Nelson Mandela: Dozens of world leaders to descend on South Africa

ozens of foreign heads of state or government have said so far they will attend either the memorial ceremony or the state funeral of Nelson Mandelain South Africa in the coming week, a foreign ministry spokesman said.

President Michael D Higgins also confirmed he will travel to South Africa to remember Nelson Mandela.

World leaders will attend Tuesday's memorial in Johannesburg or the funeral in Qunu next Sunday.

With hymns and eulogies, South Africans of all colors and creeds remembered Mr Mandela in a day of prayers on Sunday, holding him up as a symbol of freedom, forgiveness and hope for the nation and the world.

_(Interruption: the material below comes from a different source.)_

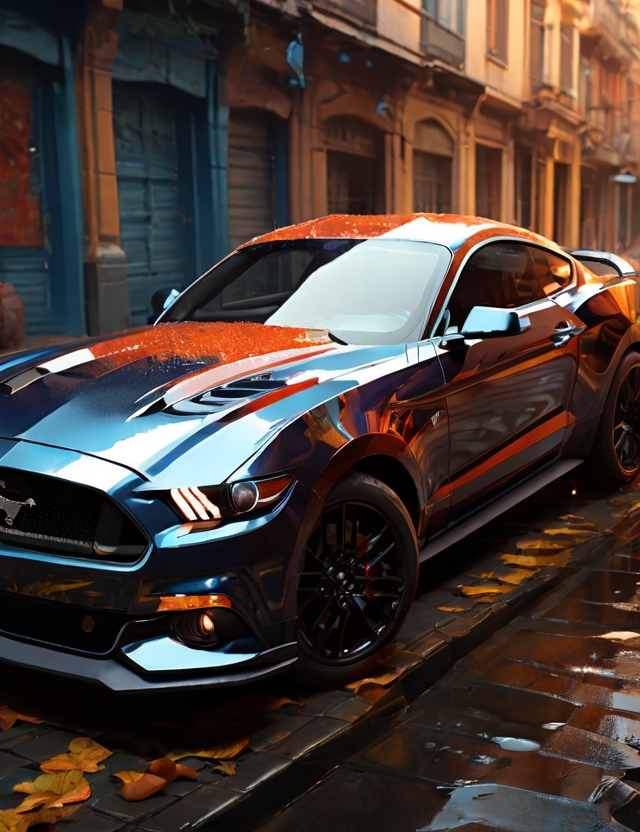 Объемное освещение проникает через композицию, усиливая драматический эффект сцены. Взаимодействие света и тени создает ощущение глубины и пространства, когда лучи света изящно танцуют по изгибам гладкого автомобиля. Богатые глубокие цвета вызывают чувство роскоши и притягательности, усиливая харизму Mustang
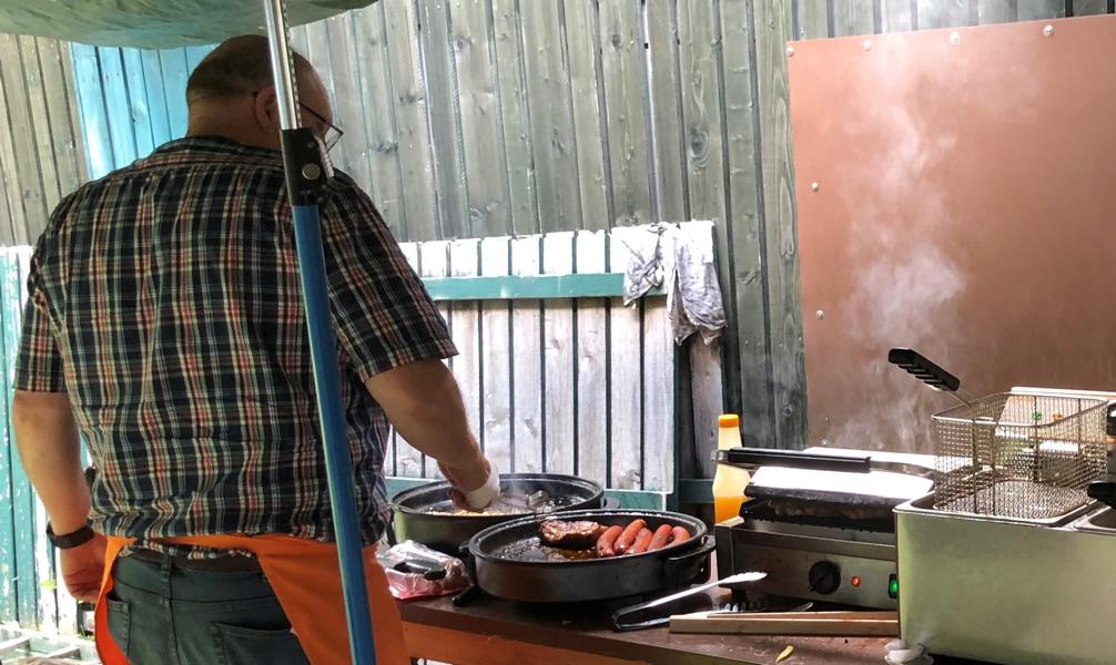 Traditionell versorgte unser Oberschützenmeister Peter Sackner die Gäste wieder als Grillmeister mit leckerem Grillgut und Pommes.

At churches, mosques, synagogues and community halls from the Limpopo River to the Cape, millions offered praise and reflected on a man celebrated as "Father of the Nation" and as a global beacon of integrity, rectitude and reconciliation.

Mandela, South Africa's first black president who steered his nation out of apartheid and into multi-racial democracy, died on Thursday at the age of 95 after months of illness.

Since then, the country has been gripped by an outpouring of emotion unrivalled since Mandela's release from 27 years of prison in 1990 and his subsequent election victory. Crowds have piled flowers, candles, balloons and messages outside his Johannesburg home.

At the cavernous Regina Mundi church in Soweto, South Africa's largest Catholic Church, hundreds of mourners, young and old, gathered to pray for Mandela and the nation's future.

"People are praying that there will be change, that we will come together," said Gladys Simelane, an office manager.

Mandela's former wife Winnie Madikizela-Mandela, dressed in black, attended a Methodist service in the northern Johannesburg suburb of Bryanston, where President Jacob Zuma hailed the values of the country's most beloved statesman.

"He believed in forgiveness and he forgave even those who kept him in jail for 27 years," Zuma said in a eulogy.

"He stood for freedom. He fought against those who oppressed others. He wanted everyone to be free."

The day of prayers opens an official program of mourning that includes a memorial service in a Johannesburg stadium on Tuesday and a state funeral next Sunday at Mandela's Eastern Cape ancestral home of Qunu - expected to be one of the biggest gatherings of world leaders in recent history.